INDONESIA : The toothsome brides
The Toothsome Brides of Bali
Another Bride, Another Root-Canal
Text and photography by Eric Pasquier
In Bali, kidnapping the girl of your dreams – preferably with her consent – is the way to avoid the expense of marriage proposals. But, and here’s the catch, as long as you’ve been to the dentist first.
Because in Bali, couples have their teeth filed down before the wedding ceremony – partly for aesthetics, partly so as not to reincarnate as a dog. ERIC PASQUIER accompanies Déwa Putu and his bride-to-be Agung to the dentist.
The easiest and most common way of marrying a Balinese girl is to kidnap her. Otherwise, the process can be a long, drawn out and costly affair that may even end in heartache for officially the couple must belong to the same caste and the same social class. Déwa Putu for example despite his noble name of ‘God’ is nonetheless inferior to his beloved Agung – a ‘royal.’ In order to marry his princess, he knows that a one-way trip is the only solution.
Déwa’s father is also aware of the situation. One April day his father says: “Son, it’s time you kidnapped your girlfriend. The time is favourable. We are preparing the gifts.”
Déwa doesn’t need to be asked a second time and eagerly complies. Once the pair is under the parental roof, all that is needed to make the marriage valid is for it to consummate. This act needs then to be purified by some gifts and a little family ritual. When the deed is done – the princess shares her husband’s rank.
In September however, Déwa Putu sends me the following message: “I am getting married on the 29th of October. The same date I am having my teeth filed. I hope you can come. It is impossible to have the ceremony earlier, this is the date that the High Priest says is the most auspicious.”
This is less strange than it sounds, for people are very rarely satisfied with the obligatory family-only ritual and, as soon as they can, organise a proper ceremony. Apart from choosing the right time in the divine Balinese calendar - a complicated document, which only High Priests and a few specialists can understand - there are two other reasons for the late wedding.The father of the bridegroom explains: “Getting the teeth filed is a duty, the family’s last act of love towards its offspring.”
“In return, the child rewards us by taking care of our souls when we have passed away. It is an expensive job however and some can never afford to have it done if, for example, their parents died when they were young.” All that can then be done for them then is to give their teeth a final filing when they have already passed away. “Ideally,” Déwa’s father continues, “I should have had Déwa Putu’s teeth done when he was an adolescent but I could not afford it. So today I really wanted to do my utmost on the occasion of his wedding.”
He does not mention it, but we find out later that it took him six months to save the necessary amount for this double ceremony.
Déwa’s father has now been relieved of two burdens simultaneously: two rituals and 200 wedding invitations in one fell swoop.

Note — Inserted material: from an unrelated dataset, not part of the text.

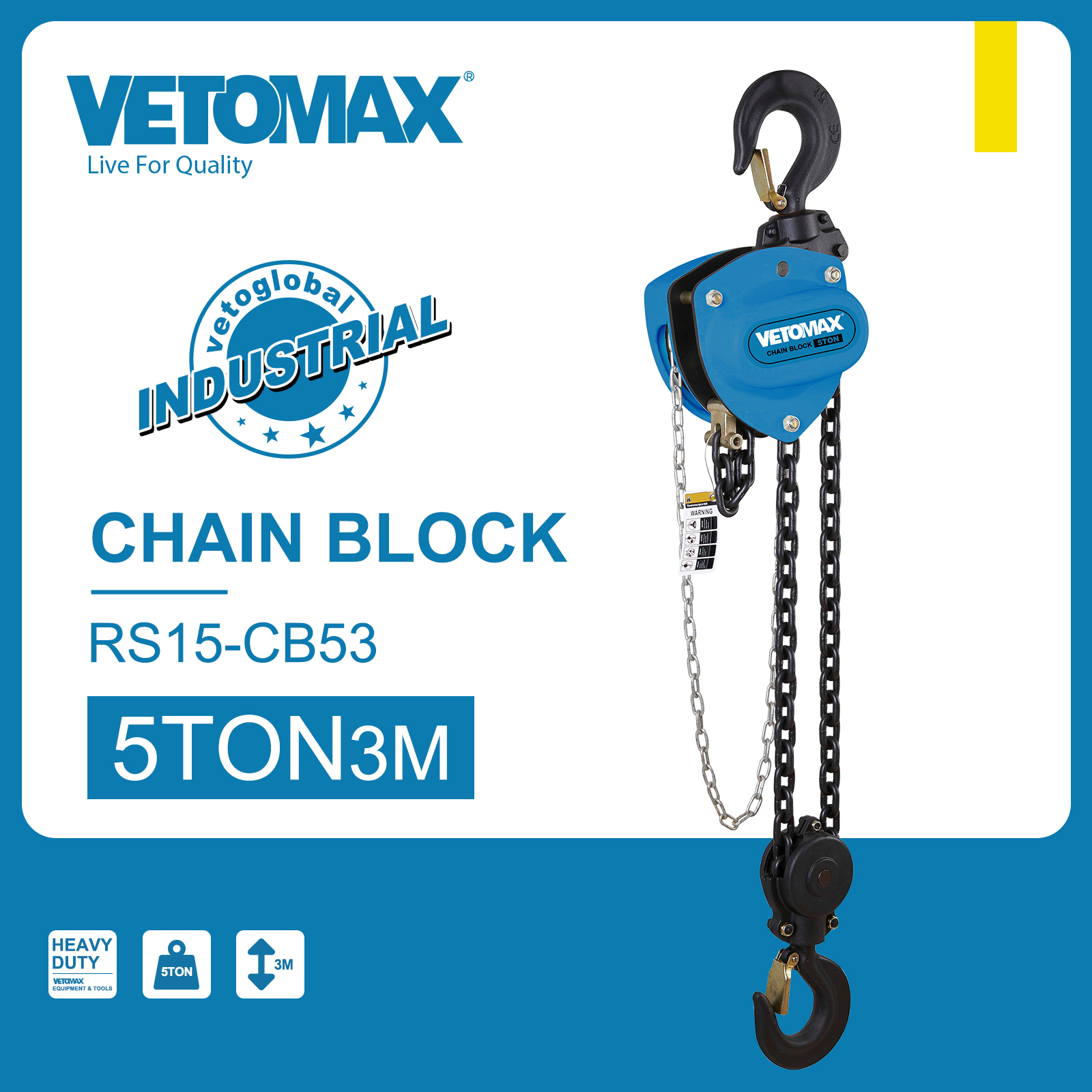 CHAIN BLOCK Capacity: 5TON double falls Lifting Height :3m Load Chain: 10mm Wood box packing DIM: 42*33.5*25CM

It is costing him the equivalent of a year’s income. It is the first time his family has dared to celebrate in such a manner. “It is impossible to match the celebrations given by royalty. With the High Priest’s agreement, I gave a ceremony that was the highest I could allow with regard to my rank, social status and my financial means.
To be too restrained would appear miserly in the eyes of the ancestral gods, my sons and neighbours. To go too far would be dangerous and attract criticism from those who could not do the same.”
Preparations take weeks. The roof of the kitchen has even been redone and a temporary reception area set up at the neighbours to receive all the guests. Every evening, thirty-odd men come to cut up tree trunks into 3,000 bamboo skewers.
The women busy themselves with the gifts: plaiting leaves, shaping compacted rice into miniature figurines representing the cosmos - its life and history.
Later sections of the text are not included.